A woman steals the identity of an A&E doctor to secure a new job as a fake employee in an NHS hospital. It’s a storyline that had viewers gripped to recent BBC TV drama Trust Me, starring Jodie Whittaker. The scenario posed by this medical thriller raises questions about how businesses establish the identity of their employees and what checks they carry out before taking them on.
In the drama series, when nurse Cath Hardacre is unfairly suspended by a hospital trust, she steals a colleague’s identity to get a job as a doctor in Edinburgh. Whilst there may be some dramatic license at play, there have been similar real life cases.
In 2015, it was revealed that Levon Mkhitarian had passed himself off as a doctor for more than three years at different NHS Trusts. Although he had some medical training, he didn’t have the right qualifications to allow him to legitimately work as a doctor in the UK.

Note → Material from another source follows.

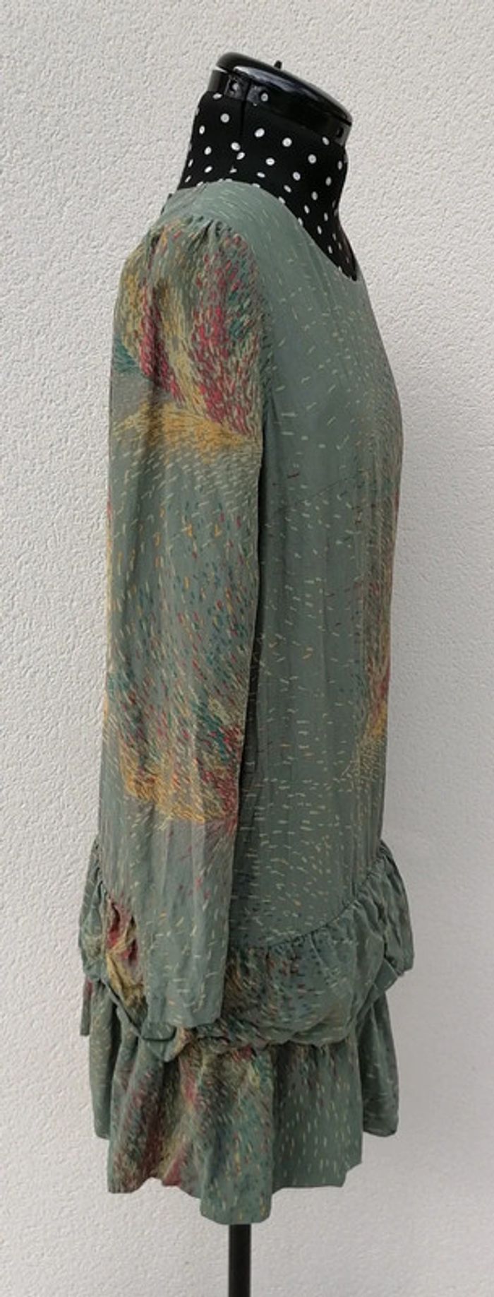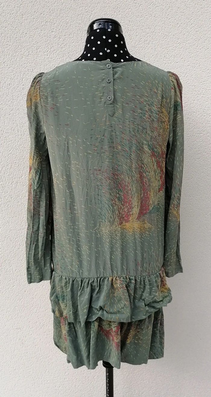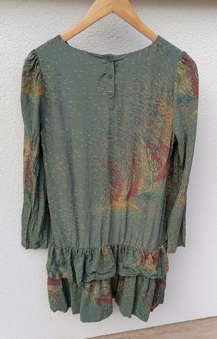 Robe courte 100% Soie kaki jaune rouge Taille M Bel Air - photo numéro 10

What checks should your business carry out before employing someone?
If you’re short of staff and someone turns up who looks perfect for the job, it’s tempting to get them started straight away. But there are key checks that can reduce your risk of taking on a faker.

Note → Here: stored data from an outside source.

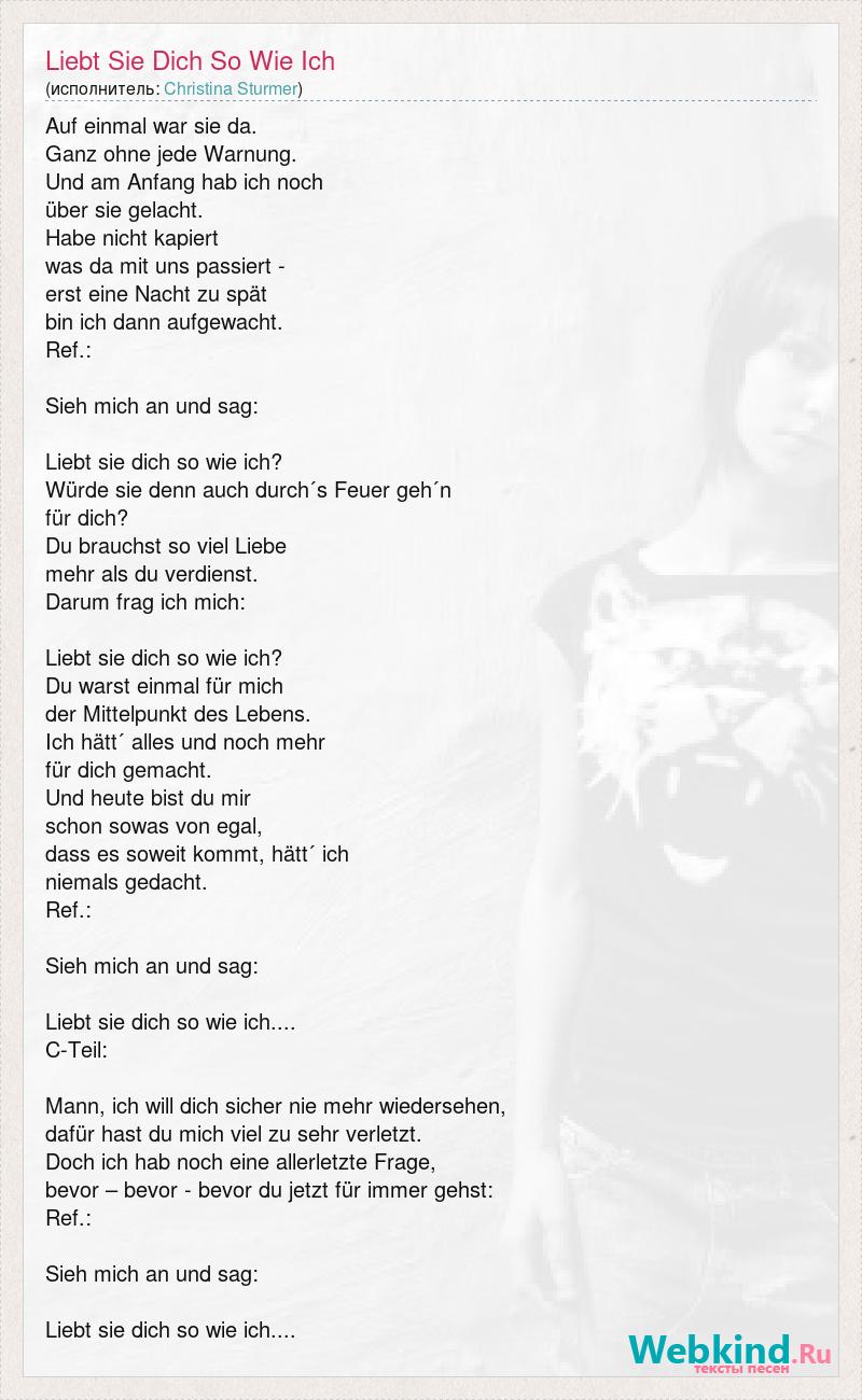 Auf einmal war sie da. Ganz ohne jede Warnung. Und am Anfang hab ich noch über sie gelacht. Habe nicht kapiert was da mit uns passiert - erst eine Nacht zu spät bin ich dann aufgewacht. Ref.: Sieh mich an und sag: Liebt sie dich so wie ich? Würde sie denn auch durch´s Feuer geh´n für dich? Du brauchst so viel Liebe mehr als du verdienst. Darum frag ich mich: Liebt sie dich so wie ich? Du warst einmal für mich der Mittelpunkt des Lebens. Ich hätt´ alles und noch mehr für dich gemacht. Und heute bist du mir schon sowas von egal, dass es soweit kommt, hätt´ ich niemals gedacht. Ref.: Sieh mich an und sag: Liebt sie dich so wie ich.... C-Teil: Mann, ich will dich sicher nie mehr wiedersehen, dafür hast du mich viel zu sehr verletzt. Doch ich hab noch eine allerletzte Frage, bevor – bevor - bevor du jetzt für immer gehst: Ref.: Sieh mich an und sag: Liebt sie dich so wie ich....
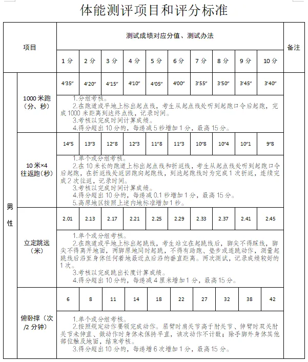 任一單項(xiàng)得分為0的視為“不合格”,予以淘汰。體能測評(píng)所有項(xiàng)目均只測試一次。(標(biāo)準(zhǔn)見附件)
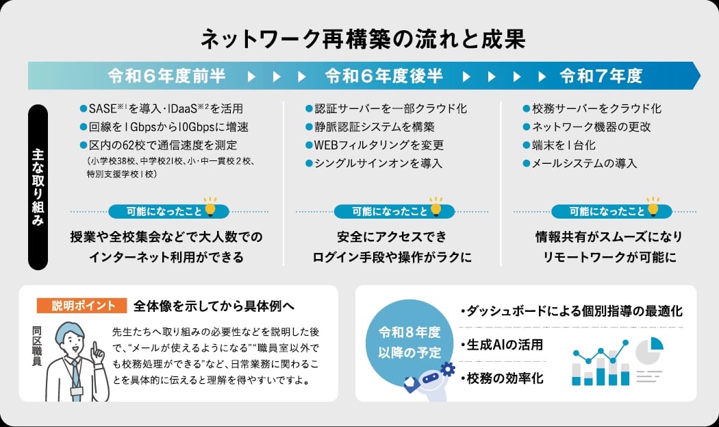令和元年のGIGAスクール構想により進められてきた教育のデジタル化。その見直しにいち早く着手したのが杉並区だ。従来のネットワークを再構築し、学びを支える基盤と、教職員にとって働きやすい環境の整備に取り組んでいるという。
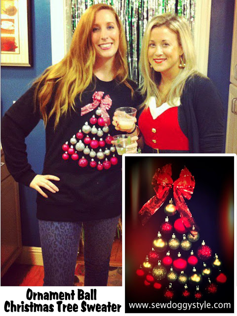 Ugly/Tacky Christmas sweater parties are so fun and can bring out the most creative, festive outfits I’ve ever seen over the holidays. This DIY ugly Christmas sweater is super easy to create and if it’s not “ugly” enough you can for sure add more to it. Erika showed this photo on a post where she did a fun tutorial for a DIY dog sweater so she didn’t write a tutorial but it looks easy enough. From what I can see you just need some mini Christmas ornaments, a bow and a sweatshirt in any color you choose then attach the items by sewing or hot gluing them on in a tree pattern. You could even step it up a notch and not only make it “ugly” but also noisy if you did bells in place of some of the ornaments! Get creative and have fun!
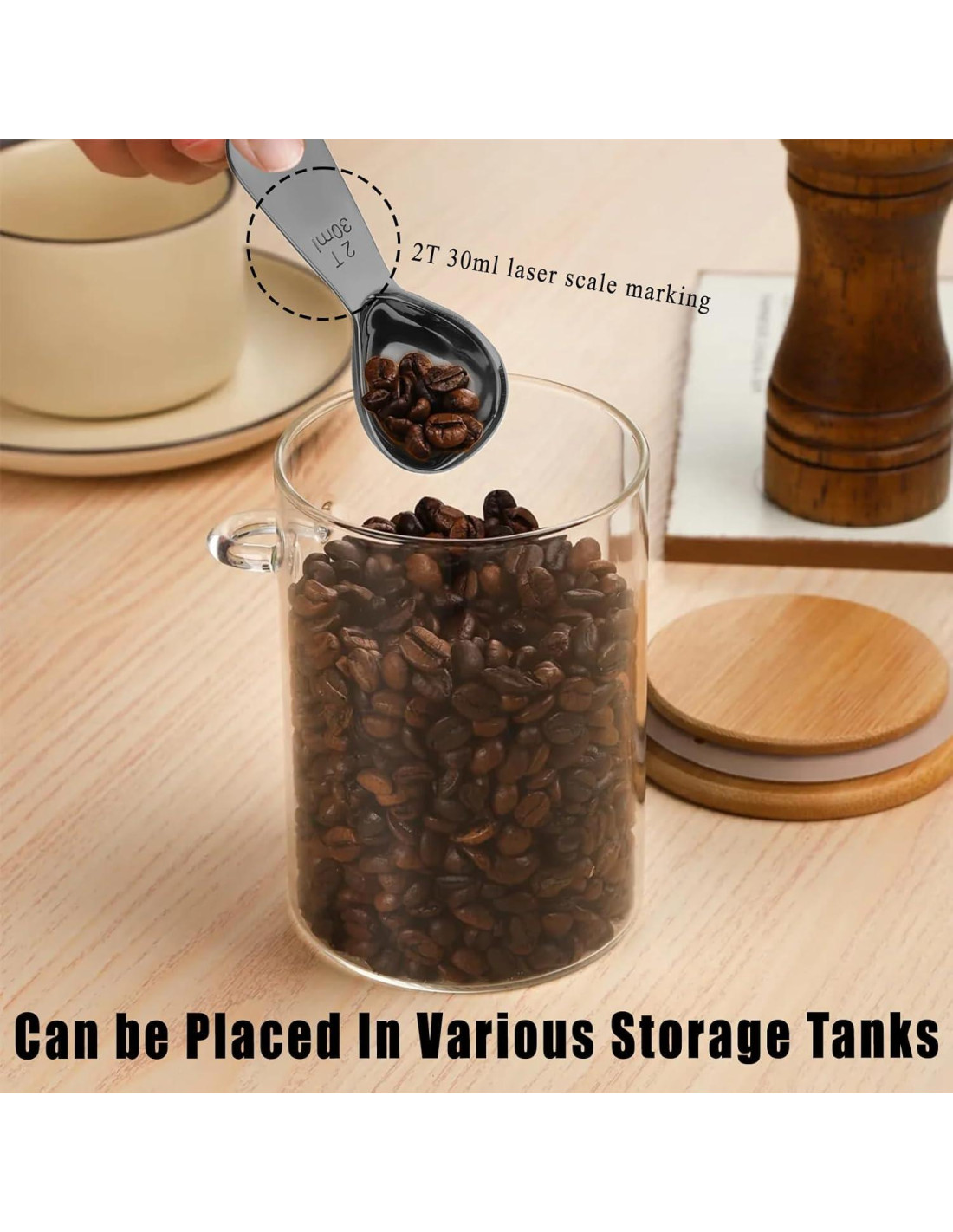 - Diseño multiuso: Sirve granos de café, especias, té suelto o ingredientes de repostería. Forma delgada permite almacenamiento vertical en frascos.

You should check that the person you’re hiring is who they say they are and that their details match up to what they’ve told you on their application form, CV and during any interviews.
You can check a person’s identity by asking for original documents such as a passport, driving license or birth certificate. You can also ask for documents that confirm a person’s address, such as a recent bank statement or utility bill.

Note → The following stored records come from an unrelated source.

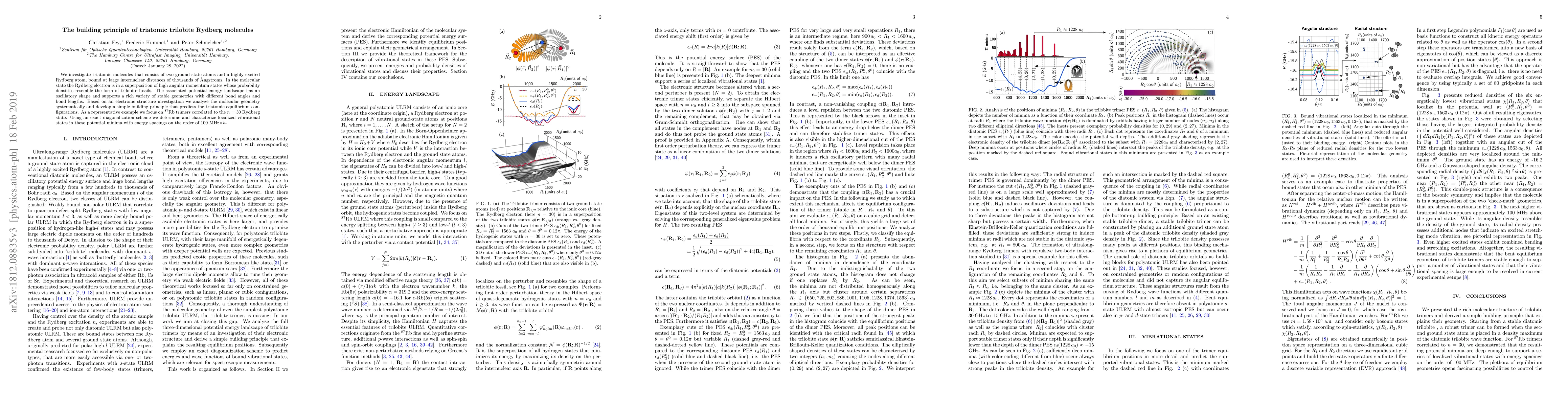 This paper explores triatomic Rydberg molecules composed of two ground state atoms and a highly excited Rydberg atom, revealing a rich variety of stable geometries resembling trilobites. The study develops a building principle to predict equilibrium configurations and characterizes localized vibrational states in these structures.
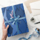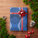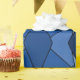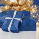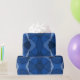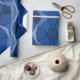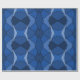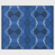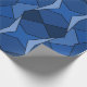 Inspired by stained glass, this stylish design contains abstract geometric shapes in various shades of blue, navy, and light blue outlined in black.
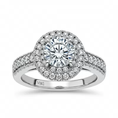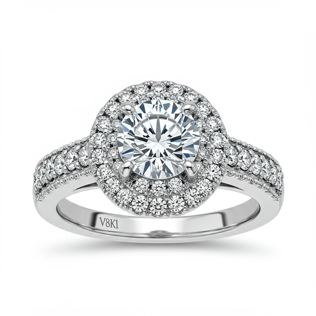 This exquisite halo engagement ring showcases the brilliance of ethically sourced, lab-grown diamonds set in luminous 18KT white gold. A magnificent 1.50 carat round brilliant cut stone commands attention, encircled by a precise halo of micro-pavé diamonds. The VVS clarity and G color grades ensure unparalleled fire and sparkle, making this piece a timeless symbol of enduring love. It masterfully combines classic elegance with modern sustainability, providing luxury without compromise.
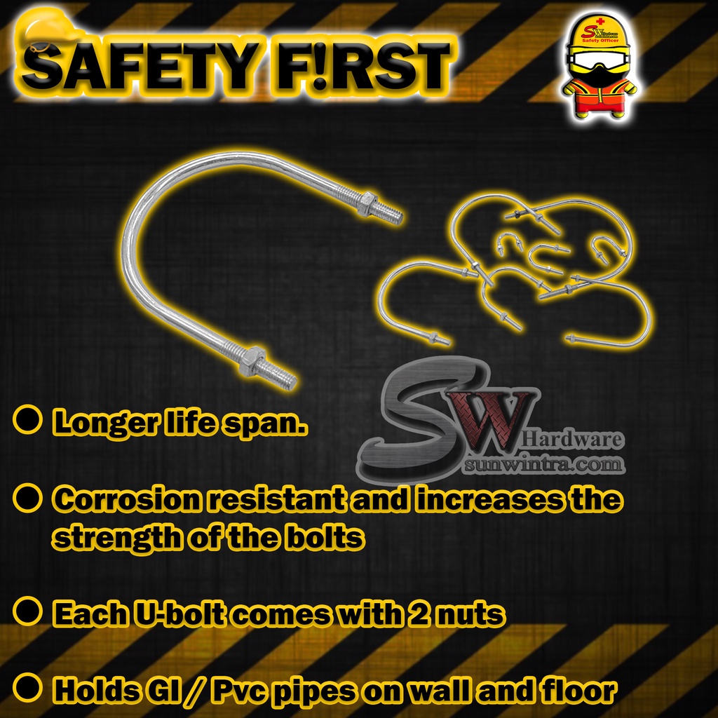 SW Hardware High Quality Galvanized U-Bolt c/with 2 Nut U-Bolt for Pipe

CIFAS, the UK Fraud Prevention service and CIPD, the professional body for HR and people development, say that the level of information requested depends on the risk. They recommend that new employees should provide at least three original documents from a list that includes passport, driving licence, utility bill and bank statement.
Right to work
It is a criminal offence to employ someone who does not have permission to work in the UK. An employer can be sent to jail for five years and pay an unlimited fine if found guilty of employing someone who didn’t have the right to work in the UK.
With changes to immigration and freedom of movement coming in the next two years under Brexit, this is something that businesses and HR departments will have to keep a close eye on.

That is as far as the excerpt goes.